SPOR - 04 Eylül 2022 Pazar 07:54

Ali Koç'tan Cristiano Ronaldo açıklaması!

A
A
A
Ali Koç'tan Cristiano Ronaldo açıklaması!

Fenerbahçe başkanı Ali Koç, Cristiano Ronaldo’nun sarı-lacivertli takıma katılacağı yönünde çıkan haberlerle ilgili, 'Ronaldo’nun Türkiye’ye gelebileceğine inanmak gerçeklerden çok uzak' dedi.

Fenerbahçe, Spor Toto Süper Lig’in 5. haftasında sahasında karşılaştığı Kayserispor’u 2-0 mağlup etti. Maçın ardından Fenerbahçe Başkanı Ali Koç basın mensuplarına açıklamalarda bulundu. Türkiye’de oyunun sürekli hakem tarafından durdurulduğuna değinen Koç, "Bizler Avrupa’da maçlar seyrediyoruz. Burada çalınan faullerin yarısı çalınmıyor. Oyun sürekli duruyor. Bu işe bir çözüm bulmamız lazım. Crespo’yu resmen maç boyu ezdiler, bir tane kart göstermedi. Dolayısıyla genel hakemlerin oyunun akışını daha hızlandırmaları oyunun süresine katkıda bulunmaları lazım. Topu kaptıran yere düşüp hakeme bağırıyor. Maç özelinde değil genel futbol için söylüyorum. Bu akşam hem tribünde hem sahada özlediğimiz arzuladığımız coşkuyu gördük" şeklinde konuştu.

"Uğradığımız saldırının hala faili meçhul olması Türkiye Cumhuriyeti’ne yakışmayan bir durumdur"

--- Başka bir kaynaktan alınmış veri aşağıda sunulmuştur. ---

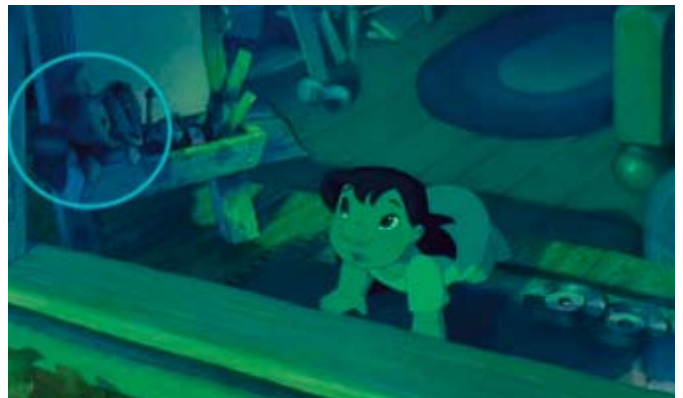
■ Figura 6. Lilo y Stitch

En este apartado se pueden ver dos ejemplos. El primero de ellos corresponde a la película «Lilo y Stitch», en la que la protagonista, la niña que da nombre a la película —Lilo—, tiene entre sus juguetes un peluche del elefante «Dumbo», en una clara referencia a la película del mismo nombre estrenada en 1941. Figura 6
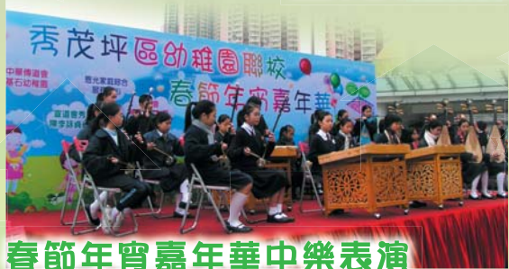
春節年宵嘉年華中樂表演

Türkiye Futbol Federasyonu ve Galatasaray Adası’na yapılan saldırıların tekrarlanmamasını istediğini aktaran Başkan Koç, Trabzon’da uğradıkları silahlı saldırının da faili meçhul olarak kaldığını hatırlatarak, şu ifadelere yer verdi:

"Türkiye Futbol Federasyonu’na olan bana göre son derece garip saldırının dün de Galatasaray Adası’na yapılan saldırının tekrarlanmayacak olaylar olarak görmek istiyorum. İnşallah en kısa zamanda olayın açıklığa kavuşturulmasını talep ediyorum. İçişleri Bakanlığı ve emniyet birimlerimiz çok çabuk hareket ettiler. Allah razı olsun onlardan. İşin sebebi nedir, amacı nedir oraya gidilecek. Ancak biz Fenerbahçe olarak her bir ferdimiz 4 Nisan’da Rize maçından sonra Trabzon Havaalanı'na yaptığımız yolculukta uğradığımız saldırının hala faili meçhul bir saldırı olarak duruyor olması Türkiye Cumhuriyeti’ne yakışmayan bir durumdur. Biz çok başvuru yaptık. 1 buçuk sene evvel EDS kayıtları için başvuru yaptık. Bir tane evrak dosyaya girdi mi bilmiyorum. Bizim açımızdan kabul edilemez bir durum bu. Caniler emellerine ulaşsaydı Türk futbolu için kara bir gece olacaktı. Dolayısıyla bunu bir kez daha hatırlatmak istiyorum."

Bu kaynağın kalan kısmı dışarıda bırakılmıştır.